Though the ordinances vary between cities, Taylor said the most common restriction is making salesmen undergo lengthy federal background checks and get a city license to pitch their product door to door. That license usually carries a fee, Taylor said, which could be the death blow to vendors relying on daily sales for a living.

"It would cost one solicitor over $43,000 a year to get licenses in every city from Logan to Spanish Fork," Taylor said. "I mean, come on, it's impossible. Our people can't do that."

Some cities like Draper have even started citywide do-not-knock lists where residents can sign up to blacklist solicitors from their property.

Draper's list, instituted only a month ago, already has 400 residents on it who can now report solicitors as trespassers to the police department. Draper's new ordinance also requires solicitors to be city licensed, but is actually a less restrictive version of the city's previous law that essentially banned door-to-door sales.

Eric Keck, Draper city manager, said the new rules give residents control over who can knock on their front door.

"It's nothing against these people's lifestyle, but we find there are a number of scams going on by the door-to-door people," Keck said. "They gave the whole soliciting industry a black eye."

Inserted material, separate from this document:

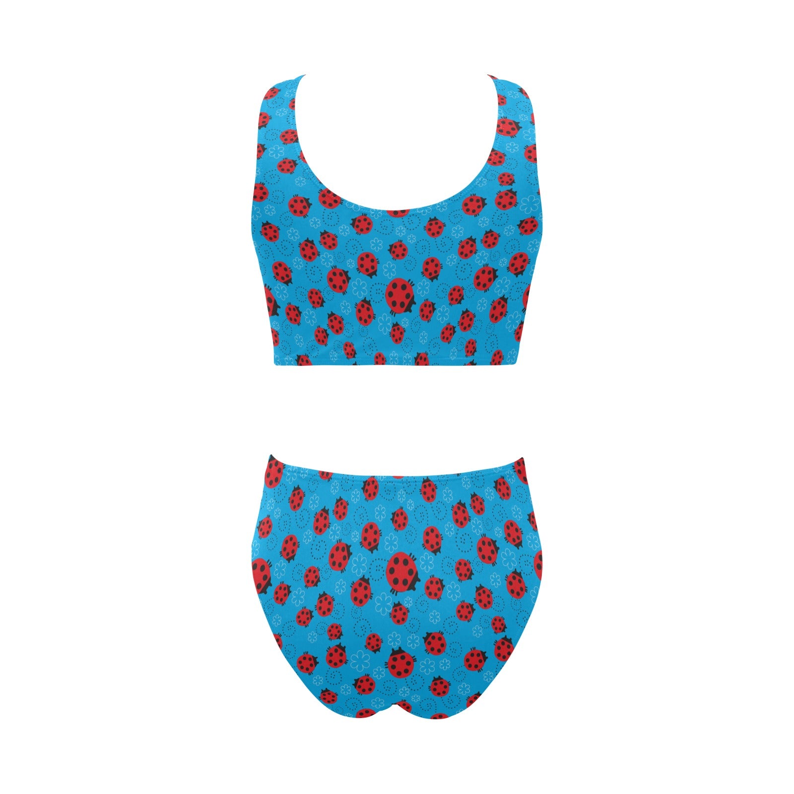 Ladybug Pattern Print Design 02 Chest Bowknot High Waisted Bikini Swimsuit

Draper resident Jeff Hodges works from his home, where he is usually interrupted by salesmen two or three times a day. Many of those peddlers, he said, are often aggressive, refusing to take no for an answer. One company has even tried several times to trick Hodges by saying his wife hired them to clean the house.

"They're just really nasty and rude," Hodges said. "I understand this is a form of living, but if I say I don't want to be bothered and I'm not interested, that should be sufficient."

Since Draper started its do-not-knock list last month, Hodges said he has seen a noticeable drop in salespeople combing his South Mountain neighborhood. Though Hodges added that he sympathizes with vendors' commercial speech rights, his right to privacy trumps them.

"It's my property. It's my doorway. It's my dollar, and it's my time," Hodges said. "There's no reason to assume that I need to purchase laundry detergent from my front door."

But Taylor said cities are casting too broad a net by restricting all door-to-door sales because of a few tactless salesmen and scam artists. A do-not-knock list and mandatory city licenses curtail rights of legitimate salesmen without protecting residents against fraudulent vendors, he said.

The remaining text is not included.